Thursday, December 13, 2007

Mosaics Were the First Pixels

I recently reported on my seeming inability to make a halfway-decent building using the program Google SketchUp, and I just wanted to share the fact that I have, in fact, just succeeded in virtually sculpting a moderately admirable edifice. It’s not nearly as nice as I’d like, but - unlike in the crummy real world, where when I erect a shoddy building it usually collapses and kills dozens in a fiery imbroglio that is quite tedious to cover up - I can always go back and improve it later. It’s a pretty accurate (as far as the basic proportions go) model of the Mausoleum of Galla Placidia in Ravenna, and I finally buckled down this afternoon and slapped textures on all the surfaces. I’d originally planned to make a much more realistic simulation, with textures on every surface taken from high-resolution photographs, but I ended up copying some and reusing them in a slapdash and haphazard manner because otherwise the thing was clearly never going to get done. All the major mosaics on the inside, however, are properly placed and pretty sharp-looking.
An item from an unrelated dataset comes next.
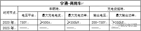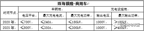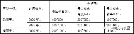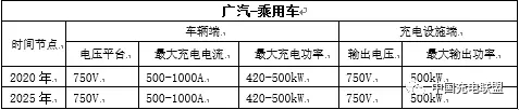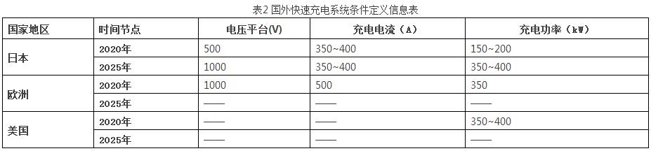 ~2020年,快速充電系統(tǒng)充電功率范圍:100kW~200kW,單個直流充電接口充電電流不超過250A,電壓范圍:400~800V。

Here’s what the thing looks like on the outside.
Here’s what my model looks like on the outside.
Here’s a view of the inside.Here’s a view from inside my model.
Not bad, huh? Of course, the vaulted ceilings of the real building don’t have “GREATBUILDINGS.COM” watermarked on them every three feet, but as I said above, this was a rush job just to get the thing textured before I fell into the unique and irrevocable despair which we all know is so disastrously common to thwarted master virtual architects. Now, with at least some progress to show for myself, I feel like a virtual weight has been lifted from my shoulders.

The reason I chose to finish this lil building this week, by the way, is that it seemed like a Christmas-y sort of activity, kind of like decorating a tree only far, far dorkier. My other seasonal activities so far have been to try to read Bede’s Ecclesiastical History in Old English and a recent obsession with keeping tabs on the gradual construction of the Christmas market in Dachau via a webcam. The charming village, that is, not the nearby concentration camp. You think your job’s tough? Just be glad you’re not head of the Dachau Tourist Board.

Sunday, December 02, 2007

Back To the Future

Futurama’s back! I can finally emerge from the Angry Dome.

After several years spent sitting out in the cold like the late, lamented Seymour, we now have a new DVD. It’s not quite as flawlessly comic or surreally original as many of my favorite episodes (the DVD in question is essentially a full-length movie, and the switch from fresh 20-minute TV show to resuscitated zombie movie seems to have hurt the comedy timing and originality a little), but how many shows could be shockingly resurrected two years after being cancelled and still rock?

The four-year run of this show was as good as The Simpsons during any of its peak years, if with nerdier and blacker comedy, and any continuing incarnation of it, even as straight-to-DVD movies, is something about which to rejoice. It’s like if there were suddenly a brand-new Monty Python film or Hitchhiker’s Guide book. I hope it makes several thousand times as much money as that similarly-resurrected-but-colossally-less-good show The Family Guy.

WHOOooooooooo! WHOOOOOOOOoooooooo! Whoooooooo.


What smells like freaking porpoise hork?